### Problem details
Every line from the opening of the records to the line with "السؤال الثاني والرابع من الفتوى رقم (584)" should be restated exactly, with both ends included and the pictures left out.

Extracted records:

----------------------------------------

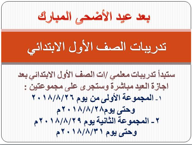 عاجل.. التعليم تعلن موعد تدريبات معلمى الصف الأول الابتدائى.. المجموعة الأولى 26 والثانية 29 اغسطس.. تعرف على التفاصيل
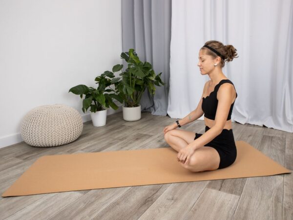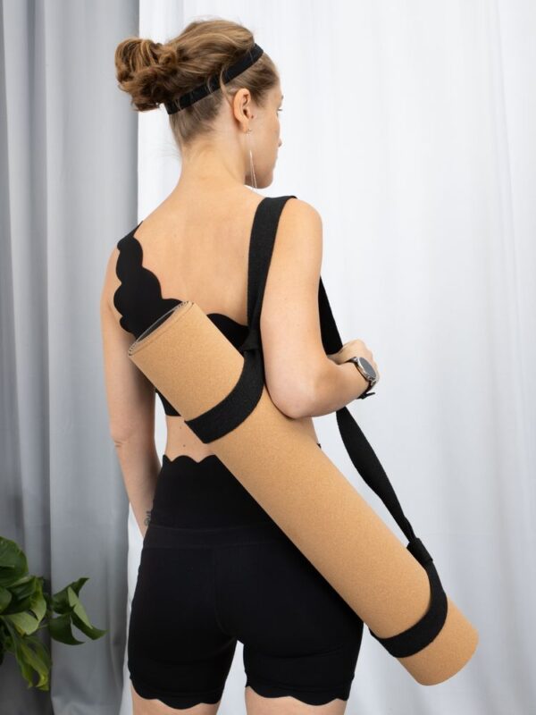 Лицевая сторона выполнена из пробки — экологичного, теплого и приятного на ощупь материала, а обратная из ТПЭ — термопластичного эластомера, который гарантирует надежное сцепление коврика с поверхностью.
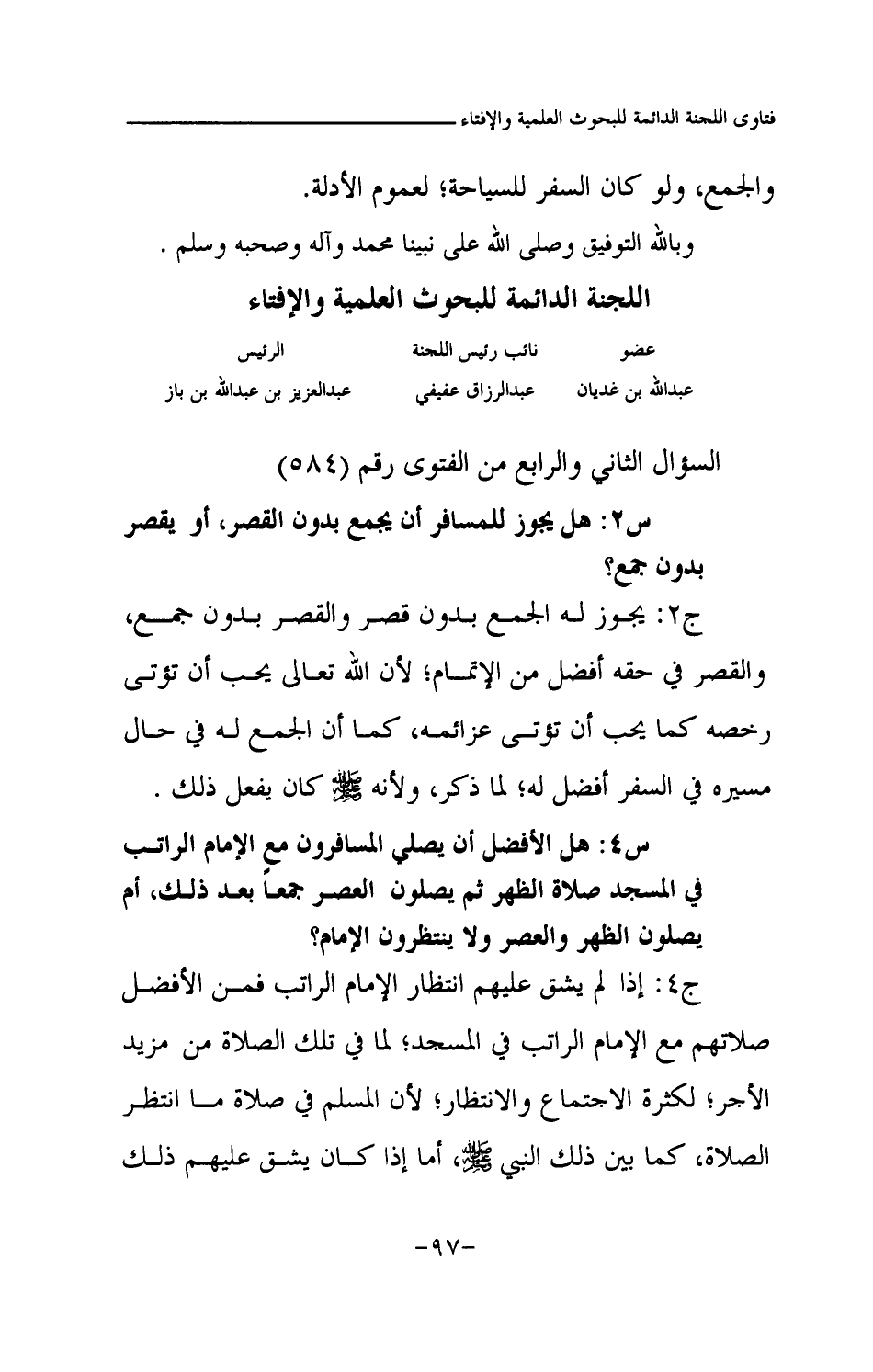 السؤال الثاني والرابع من الفتوى رقم (584)
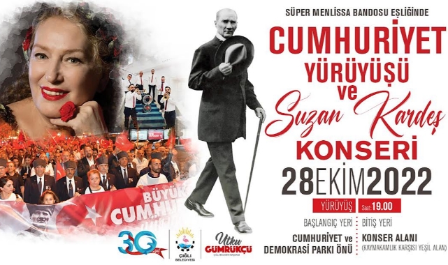 Çiğli Belediyesi’nin 29 Ekim Cumhuriyet Bayramı kapsamında hazırlıklarını tamamladığı etkinlikler, 25 Kasım Salı günü Akvaryum Kafe Restoran’da ilçe protokolünün katılımıyla gerçekleştirilecek “Cumhuriyet Resepsiyonu” ile başlayacak. Aynı gün Atatürk Spor Salonu’nda Masa Tenisi Turnuvası düzenlenecek. 26 Ekim Çarşamba günü Kasaplar Meydanı’nda Cumhuriyet Kermesi kurulacak. Kermeste Çiğli’nin emektar kadınlarının el emeğiyle ürettikleri ürünlerin satışı yapılacak. Saat 13:00’de ise Kasaplar Meydanı’nda Tavla ve Dama Turnuvası düzenlenecek. 27 Ekim Perşembe günü Çiğli Belediyesi Fakir Baykurt Salonu’nda “Seni Anlatabilmek” isimli tiyatro oyunu sahnelenecek. Kutlamalar 28 Ekim Cuma günü Süper Menlissa Bandosu eşliğinde gerçekleştirilecek Cumhuriyet Yürüyüşü ile devam edecek. Cumhuriyet ve Demokrasi Parkı önünden başlayacak yürüyüşün bitiş noktasında sanatçı Suzan Kardeş, Türk müziğinin sevilen şarkılarını Çiğlililer ile birlikte seslendirecek.
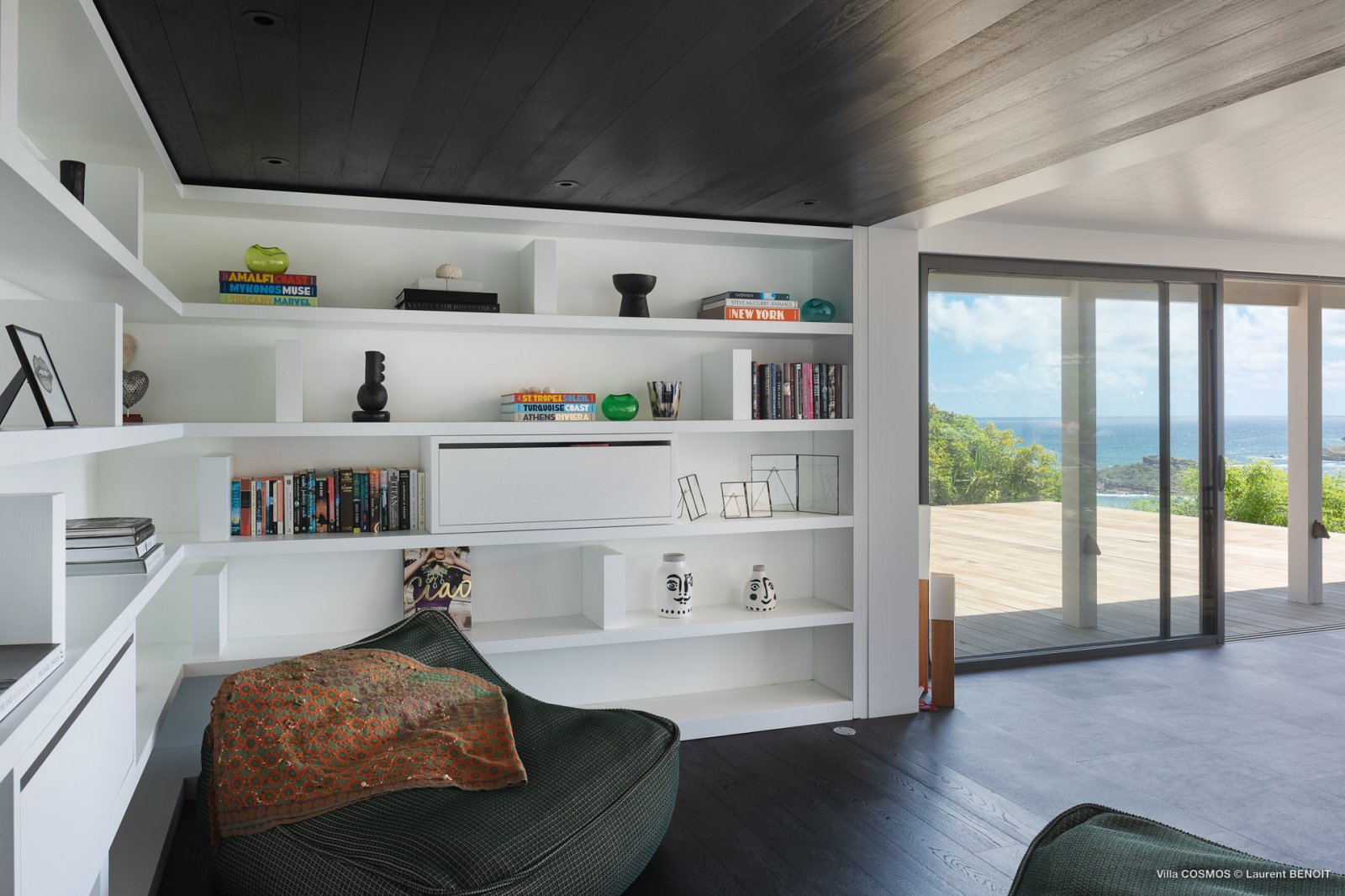 While the layout flows harmoniously across three floors, the heart of Villa Cosmos lies on the middle level. This is the main living space, and it includes an indoor living space, stunning library and office area, and 12-person dining room with glass walls that retract to merge the interior with the nature outside. Outside this living space is a wrap-around covered terrace with a table for twelve, as well an area that is positively dreamy for entertaining—evening cocktails, anyone?
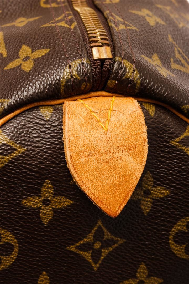 Louis Vuitton Brown Monogram Canvas Keepall 55 Travel Bag. All available information is listed in the description and shown in the photos. Louis Vuitton Brown Monogram Canvas Keepall 55 Travel Bag with gold-tone hardware, trim tan vachetta leather, brown canvas lining, leather trim inside, golden brass pieces, rounded leather handles. W55cm x H27cm x D25cm / 21.65" x 10.62" x 9.84"
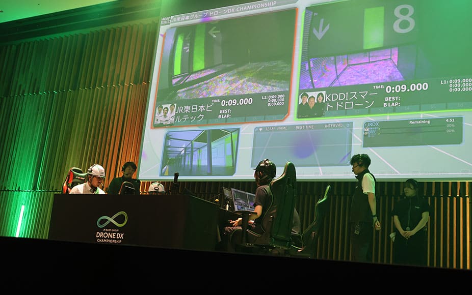 模擬練習はしてきたものの、実際のコースをフライトするのはもちろんはじめて。最初は苦戦していたものの、徐々に感覚を掴みリハーサルが終了。いよいよ本番を迎える。
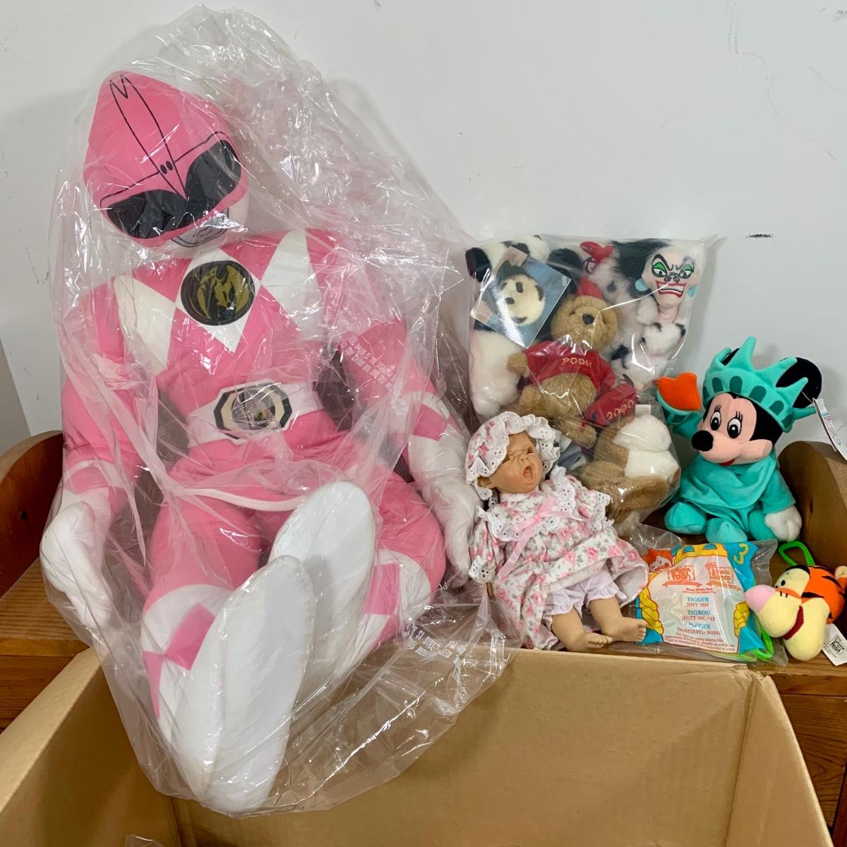 LOT 166 Y: Misc. Collection of Stuffed Animals: Large Pink Power Ranger, Winnie The Pooh McDonald’s Plush Keychains, & More
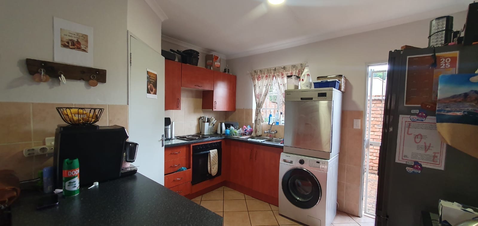 This inviting 110 sqm townhouse offers comfortable living within a secure estate in Elarduspark, Pretoria. Featuring two well-proportioned bedrooms, each with built-in wardrobes, and a single full bathroom equipped with both a shower cubicle and a bathtub, this home caters to practical needs. The open-plan living area, complete with tiled flooring, seamlessly connects to the kitchen, creating a spacious and functional environment. The kitchen is fitted with a built-in oven and hob, ample cabinetry, and provides dedicated space for a washing machine and dishwasher, ensuring convenience. Large sliding doors in the lounge area lead to a private garden, offering a pleasant outdoor space and natural light. The property also includes a dedicated laundry area. Designed for a secure and convenient lifestyle, this pet-friendly residence is ideal for professionals or small families. The complex benefits from robust security features including an access gate, security post, and electric fencing, providing peace of mind. The unit itself has a security gate for added safety. Fibre connectivity is available, supporting modern communication needs. Located in the desirable suburb of Elarduspark, residents can enjoy a scenic view and the benefits of a well-maintained community. The property includes a single garage and an additional parking space, with paved driveways throughout the estate. Key Features: * 2 Bedrooms with built-in wardrobes * 1 Bathroom with shower and bath * Open-plan lounge and kitchen * Built-in oven and hob * Dedicated laundry area * Private garden access via sliding doors * 1 Garage and 1 additional parking * Pet-friendly * Fibre ready * Secure estate living with access control
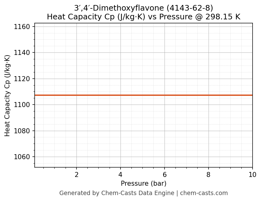This page presents the pressure-dependent thermodynamic and transport properties of 3′,4′-Dimethoxyflavone (CAS 4143-62-8) calculated at a constant temperature of 298 K (25 °C) over the pressure range 0.10-10 bar.
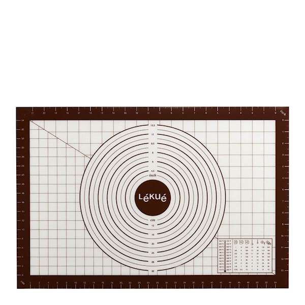 Vill du baka med precision – och mindre stök? Då är Lékués non-stick bakmatta i silikon med måttangivelser ett givet val. Du kan knåda, kavla och forma direkt på mattan, utan att behöva mäta med separata verktyg. Ringarna i mitten hjälper dig få till exakt storlek på pizzabottnar och tårtor, medan rutnätet gör det enkelt att skära deg i lika stora rutor.
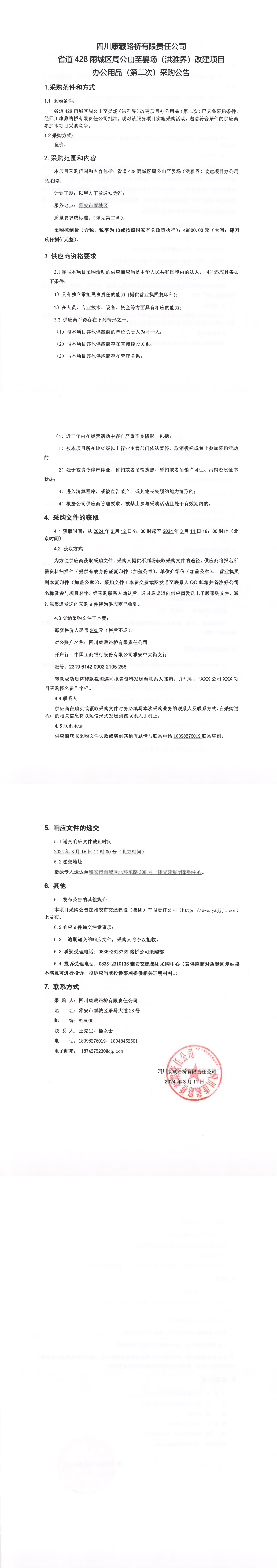 四川康藏路橋有限責任公司省道428雨城區(qū)周公山至晏場(洪雅界)改建項目辦公用品(第二次)采購公告

----------------------------------------

### Answer to the problem
 عاجل.. التعليم تعلن موعد تدريبات معلمى الصف الأول الابتدائى.. المجموعة الأولى 26 والثانية 29 اغسطس.. تعرف على التفاصيل
 Лицевая сторона выполнена из пробки — экологичного, теплого и приятного на ощупь материала, а обратная из ТПЭ — термопластичного эластомера, который гарантирует надежное сцепление коврика с поверхностью.
 السؤال الثاني والرابع من الفتوى رقم (584)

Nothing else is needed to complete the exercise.